1. Fujioka, 2. Kanna, 3. Shin, 4. Ono, 5. Yawata, 6. Midori, 7. Hirai, 8. Mikuri, 9. Onishi, 10. Sanbagawa, 11.Yoshii, 12.Tago, 13. Irino, 14. Hino, 21. Mihara, 22. Kamikawa, 23. Nakasato, 24. Ueno: areas 11 through 14 were formerly Midono District

Tago District (多胡郡, Tago-gun) was formerly a rural district located in Gunma Prefecture, Japan.

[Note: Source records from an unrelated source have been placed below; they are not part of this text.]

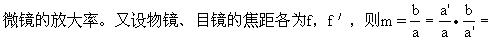 【物像公式】 描述物像位置以及它们和透镜或透镜组的特征量之一(焦距)之间的关系式。对一个薄凸透镜可以认为是由底面朝向透镜中央的许多棱镜的集合,而这些棱镜的顶角是很小的,对于顶角很小的棱镜来说,如果构成棱镜的材料的折射率为n,顶角为A,那么在近轴光线的条件下,其偏向角δ为常数(n-1)A。当棱镜给定后,近轴光线的偏向角δ是不变的。我们可以利用此关系来推导薄透镜的物像公式。如图4-13a所示,设PM为平行光束所任一条光线在M点入射,而OM=h,则出射光线MF′必通过透镜的焦点F′,OF′=f,f为透镜的焦距。根据近轴光线的条件,即f>>h,偏向角近似为
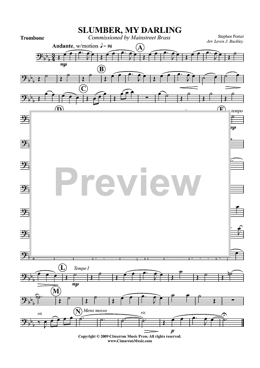 "Slumber, My Darling - Trombone" Sheet Music by Stephen Foster
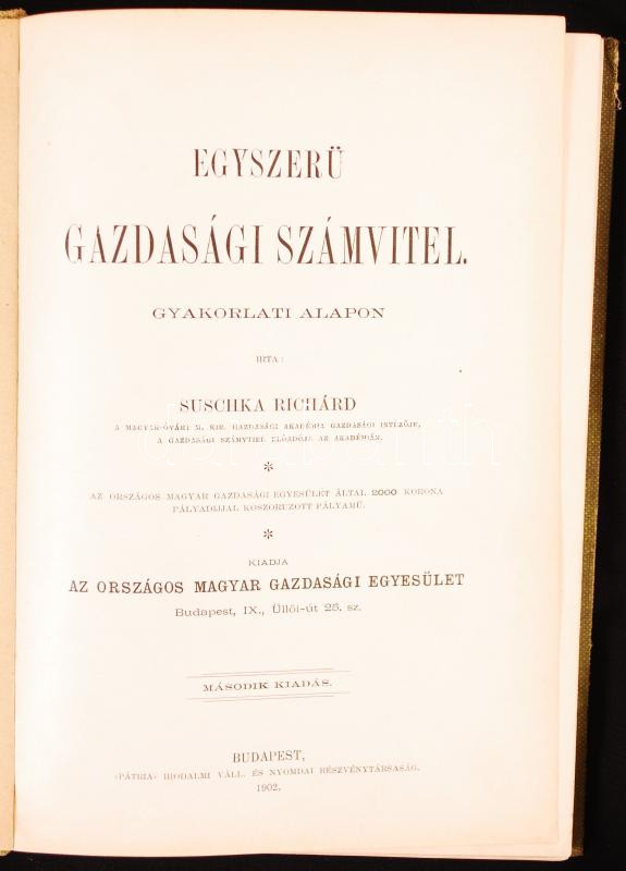 Suschka Richárd: Egyszerű gazdasági számvitel. Bp., 1902. Pátria. 212p. Egészvászon kötésben

Parts of the modern cities of Takasaki and Fujioka were formerly within the district.

Tago District was the name of one of the ancient districts of Kōzuke Province, mentioned in the Shoku Nihongi of 711 AD. Modern Tago District was created on December 7, 1878, with the reorganization of Gunma Prefecture into districts. It included 19 villages, which were formerly part of the tenryō holdings in Kōzuke Province administered directly by the Tokugawa shogunate, seven villages that were part of the holdings of Yoshii Domain and three villages which were part of the holdings of Obama Domain. With the establishment of the municipalities system on April 1, 1889, the area was organized as one town (Yoshii) and three villages.

On April 1, 1896, the district was merged with Minamikanra and Midono to form Tano District.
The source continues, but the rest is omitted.